Electromagnetic Fields in MRI:
- Main magnetic field (up to 3T for clinical use, higher fields, always on)
- Gradient field (for special encoding, on during measurements)
- RF field (to excite the spins, on during measurements)
Potential risk:
Static magnetic field:
- Force effects: ferromagnetic materials may strongly be attracted by the magnet
- Torque effects: ferromagnetic materials will align with the main magnetic field
Gradient field:
- Induced currents (peripheral nerve stimulations)
- Acoustic noise
RF field:
- RF heating (tissue burns)
other risks
If you start to use/build hardware which is not approved other risk have to be taken into account:
- SAR management of your RF coil(s)
- Hot surface (if reachable by humans it must be <43°C)
- Flammability: Material should stop fire
- Conductive materials must be isolated and separated from tissue to avoid burns
- No sharp edges
- Gradient coils works with very high voltages and currents which need to be well protected.
- Your device must be correctly recognized by to software to use it appropriate (for example apply the correct limitations)
- Good instruction for use to prevent handling errors
- …
International standards
Main standard for MRI is IEC 60601-2-33 (1). This standards covers MR specific safety regulations. The current version is IEC 60601-2-33 edition3 with the 3rd amendment published 2015.

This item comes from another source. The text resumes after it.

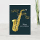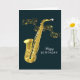 Um saxofone dourado e uma linha de notas musicais decoram a parte dianteira deste cartão do feliz aniversario. Grande escolha especialmente para uma quem joga o saxofone.

This standard will not cover all safety problems of an MR system. Therefore a medical device must also fulfil the general safety of an electrical medical equipment is in IEC 60601-1 (2). This standard may cite other standards to cover specific problems, like IEC/DIN EN 60695-11-10 (3). Flammability Rating of Plastic Materials for Parts in Devices and Applications.
Safety of RF coil
The paper “Safety testing and operational procedures for self-developed radiofrequency coils” from Jens Hoffmann et. al.(4) is a good overview on testing self-developed RF coils. It gives a nice overview on the different points to be covered. To perform a RF coil safe we do not only have to look, that the new coil will fulfill the local and whole body SAR limits from the IEC 60601-2-33(1) but also the following points need to be avoided.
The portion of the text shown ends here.